The Georgian Military Road runs for 212 km between Tbilisi (Georgia) and Vladikavkaz (Russia) and follows the traditional route used by invaders and traders throughout the ages. From Vladikavkaz, the road stretches southwards up the valley of the Terek before passing through the Darial Gorge (which marks the border between Russia and Georgia). It then passes Mount Kazbek and Gergeti Trinity Church before heading south-west through the Georgian region of Khevi to the Jvari Pass, where it reaches its maximum altitude of 2379 m. Not long after the pass the road passes the Russia–Georgia Friendship Monument, a large concrete monument built in 1983 to commemorate relations between the two countries and the bicentennial of the Treaty of Georgievsk. The road then turns south-eastwards, following the Tetri Aragvi River through Mtiuleti down to the town of Pasanauri, before heading due south. It then passes below the walls of the medieval fortress of Ananuri before cutting across the wide floodplain of the Tetri Aragvi down to a point just north of Georgia's historic capital, Mtskheta, where it merges into Georgia's main East-West highway (the E60). In this guise, the Georgian Military Road technically continues along the right bank of the Kura (Mtkvari) River before reaching nearby Tbilisi.

The 1914 edition of Baedeker's Russia describes the Georgian Military Road as 'one of the most beautiful mountain roads in the world', and mentions the fact that, as early as its date of publication, 'motor omnibuses of the Société française des transports automobiles du Caucase ply regularly from April 15 to Oct. 15th, [accomplishing] the journey in 10 hrs.'

==History==
People have used this route since antiquity—both Strabo (Porta Caucasica and Porta Cumana, in his Geographica) and Pliny the Elder mention it. Russian troops first travelled it in 1769. Pavel Potemkin sent 800 troops to improve the road so that by October 1783 he was able to drive to Tiflis in a carriage drawn by eight horses. The Georgian Military Road in its present form was begun by the Russian military in 1799, after the Georgians had abjured centuries of Persian suzerainty and became a Russian protectorate under the 1783 Treaty of Georgievsk. Russian control of the Georgian Military Highway in the center of the Caucasus divided the Caucasian War (1817–1864) into the Russo-Circassian War (1763–1864) in the west and the Murid War in the east.
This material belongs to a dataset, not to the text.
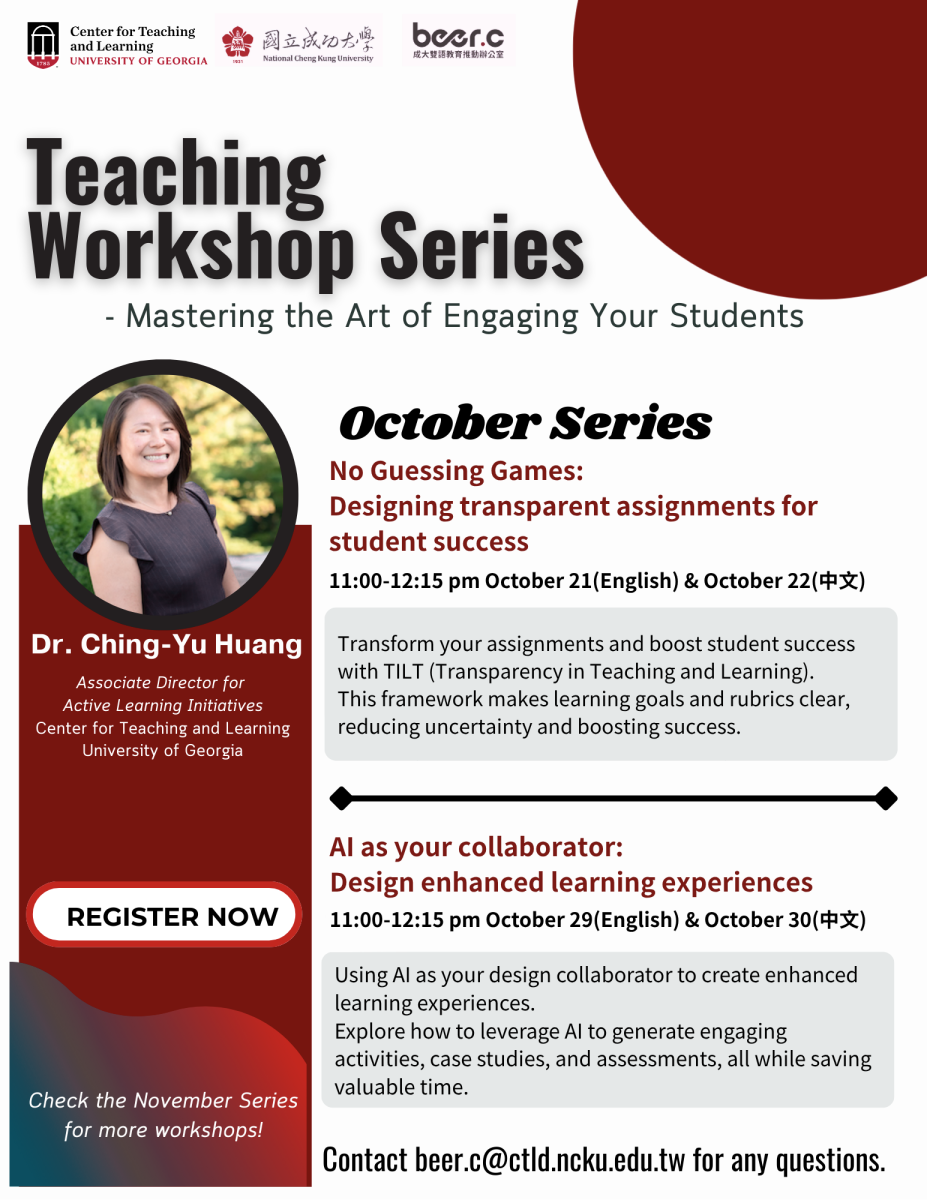 【轉知】國立成功大學辦理「EMI教學線上增能工作坊」

After the Russian Empire officially annexed the Kingdom of Georgia in 1801, Tsar Alexander I ordered General Aleksey Petrovich Yermolov, the commander-in-chief of Russian forces in the Caucasus, to improve the road surface to facilitate troop movement and communications. When Yermolov announced the completion of work in 1817, the highway was heralded as the "Russian Simplon". However, work continued until 1863. By this stage, it had cost £4 million (equivalent to £ million in ) but according to Lord Bryce in 1876 the work was of a high quality, with two or three lanes and "iron bridges over the torrents", something he considered astonishing given that within Russia proper at this time decent roads were virtually non-existent.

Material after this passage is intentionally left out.